About Mathematicians (1960-1969)

"As every mathematician knows, nothing is more fruitful than these obscure analogies, these indistinct reflections of one theory into another, these furtive caresses, these inexplicable disagreements; also nothing gives the researcher greater pleasure." (André Weil, "De la Métaphysique aux Mathématiques", 1960)

"In fact, the construction of mathematical models for various fragments of the real world, which is the most essential business of the applied mathematician, is nothing but an exercise in axiomatics." (Marshall Stone, cca 1960)

"Nothing in our experience suggests the introduction of [complex numbers]. Indeed, if a mathematician is asked to justify his interest in complex numbers, he will point, with some indignation, to the many beautiful theorems in the theory of equations, of power series, and of analytic functions in general, which owe their origin to the introduction of complex numbers. The mathematician is not willing to give up his interest in these most beautiful accomplishments of his genius." (Eugene P Wigner, “The Unreasonable Effectiveness of Mathematics in the Natural Sciences”, Communications in Pure and Applied Mathematics 13 (1), 1960)

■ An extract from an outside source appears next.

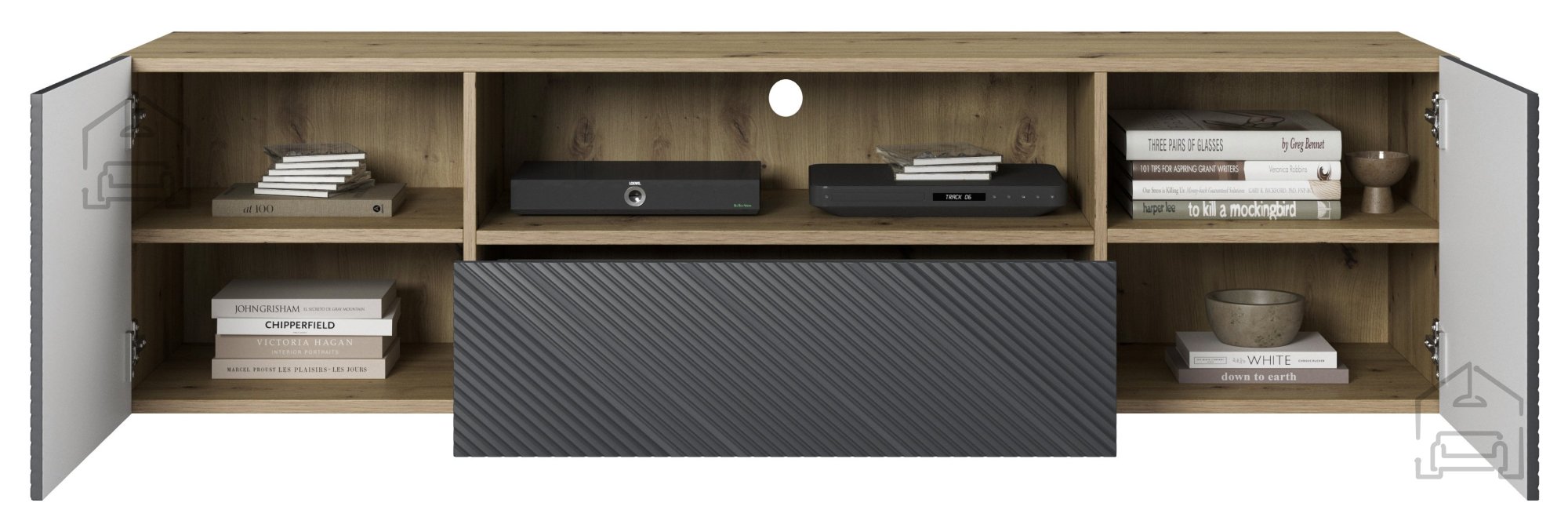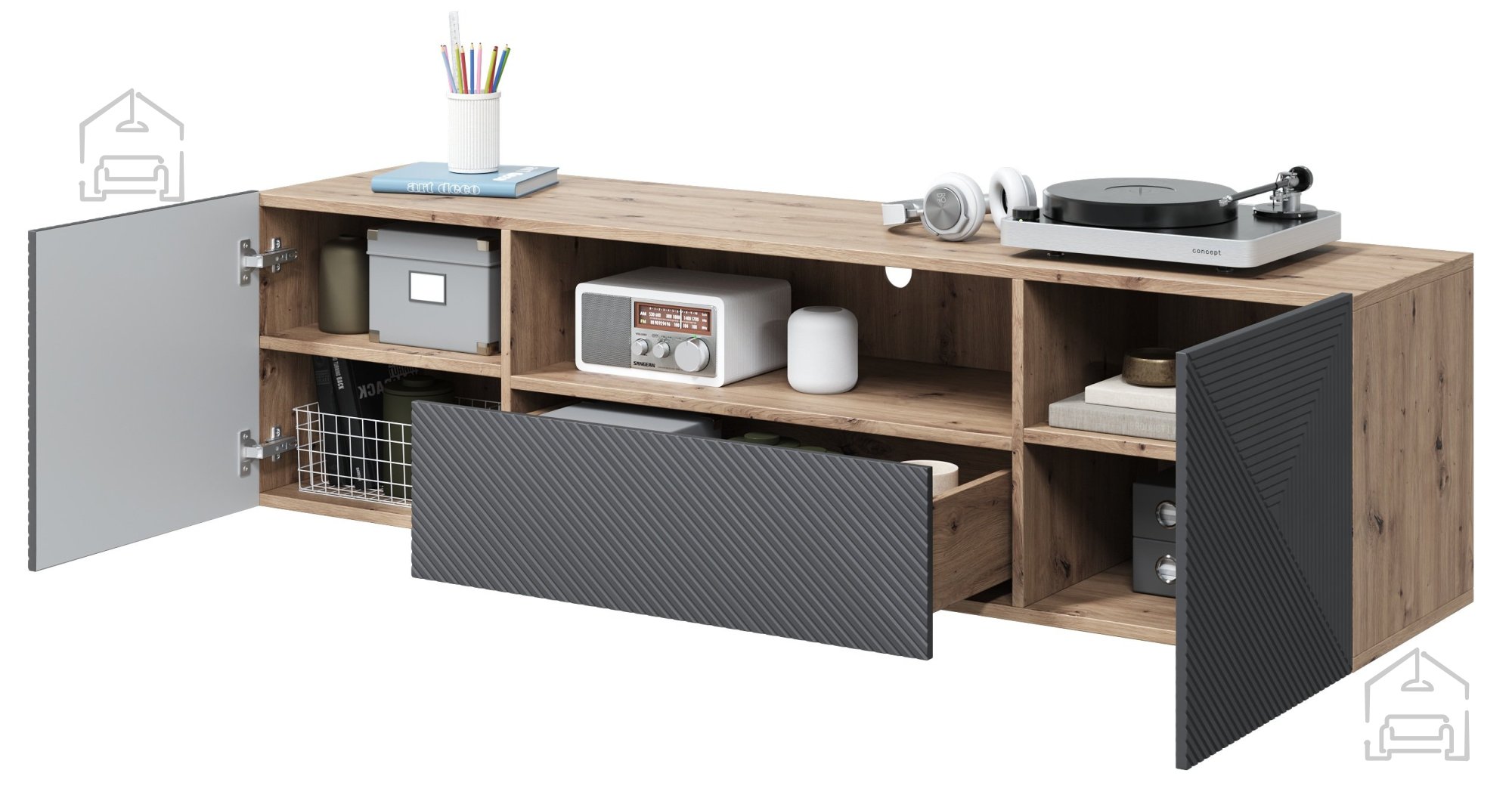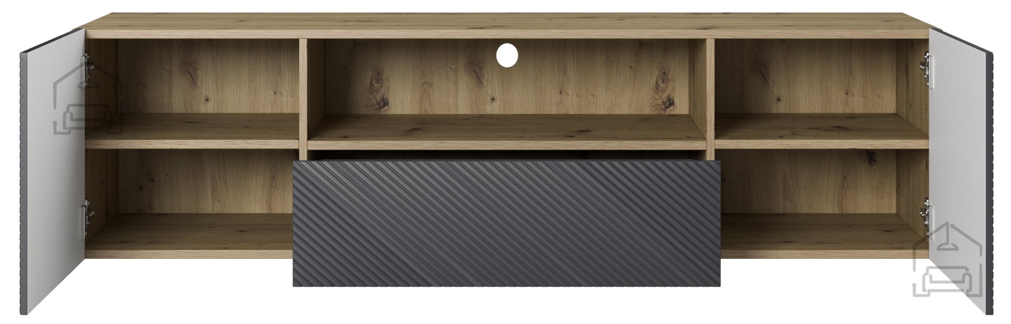 Wir präsentieren Ihnen die TV-Wandkommode Asha 167 2D1SZ, die modernes Design und praktische Nutzung perfekt vereint. Mit ihren Maßen von 167x40x44 cm ist sie die ideale Lösung für jedes Zuhause, in dem Stil und Funktionalität großgeschrieben werden. Gefertigt aus hochwertigen Materialien bringt diese Kommode einen Hauch von Luxus und Behaglichkeit in jeden Raum.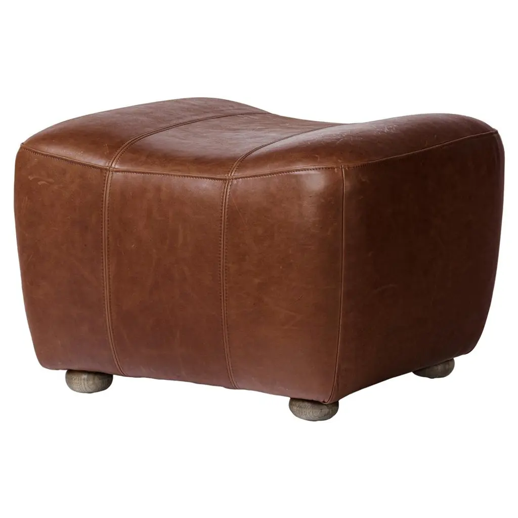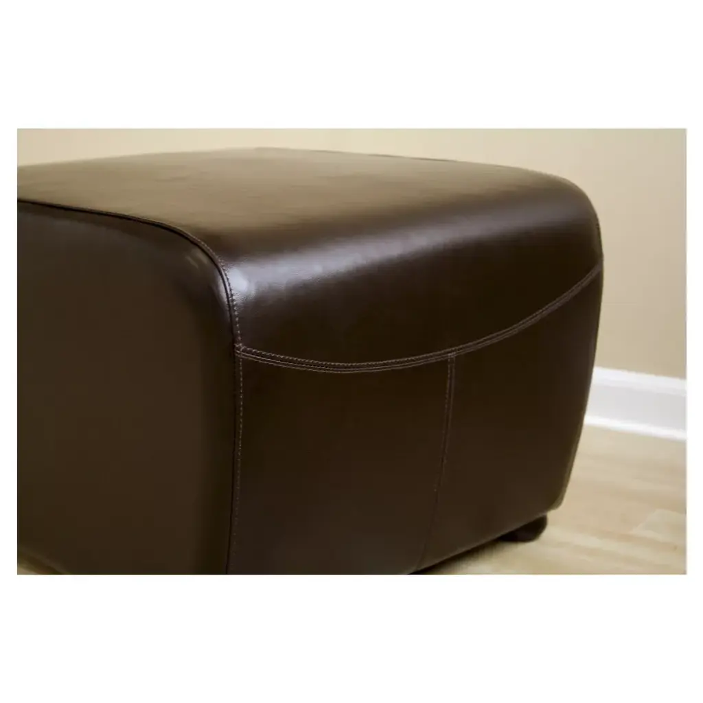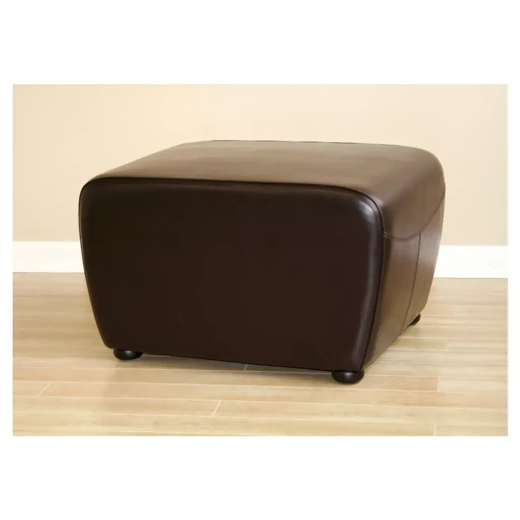Full Leather Ottoman With Rounded Sides Dark Brown - Baxton Studio: Faux Upholstered, Wood Frame, No Assembly Required

"Nothing is more fruitful - all mathematicians know it - than those obscure analogies, those disturbing reflections of one theory on another; those furtive caresses, those inexplicable discords; nothing also gives more pleasure to the researcher. The day comes when this illusion dissolves: the presentiment turns into certainty; the yoked theories reveal their common source before disappearing. As the Gita teaches, one achieves knowledge and indifference at the same time. Metaphysics has become Mathematics, ready to form the material of some treatise whose cold beauty has lost the power to move us." (André Weil, "De la métaphysique aux mathématiques", 1960)

"It seems to be one of the fundamental features of nature that fundamental physical laws are described in terms of a mathematical theory of great beauty and power, needing quite a high standard of mathematics for one to understand it. You may wonder: Why is nature constructed along these lines? One can only answer that our present knowledge seems to show that nature is so constructed. We simply have to accept it. One could perhaps describe the situation by saying that God is a mathematician of a very high order, and He used very advanced mathematics in constructing the universe. Our feeble attempts at mathematics enable us to understand a bit of the universe, and as we proceed to develop higher and higher mathematics we can hope to understand the universe better." (Paul Dirac, "The Evolution of the Physicist's Picture of Nature", 1963)

"Mathematics is a creation of the mind. To begin with, there is a collection of things, which exist only in the mind, assumed to be distinguishable from one another; and there is a collection of statements about these things, which are taken for granted. Starting with the assumed statements concerning these invented or imagined things, the mathematician discovers other statements, called theorems, and proves them as necessary consequences. This, in brief, is the pattern of mathematics. The mathematician is an artist whose medium is the mind and whose creations are ideas." (Hubert S Wall," Creative Mathematics", 1963)

"A theory with mathematical beauty is more likely to be correct than an ugly one that fits some experimental data. God is a mathematician of a very high order, and He used very advanced mathematics in constructing the universe." (Paul Dirac, Scientific American, 1963)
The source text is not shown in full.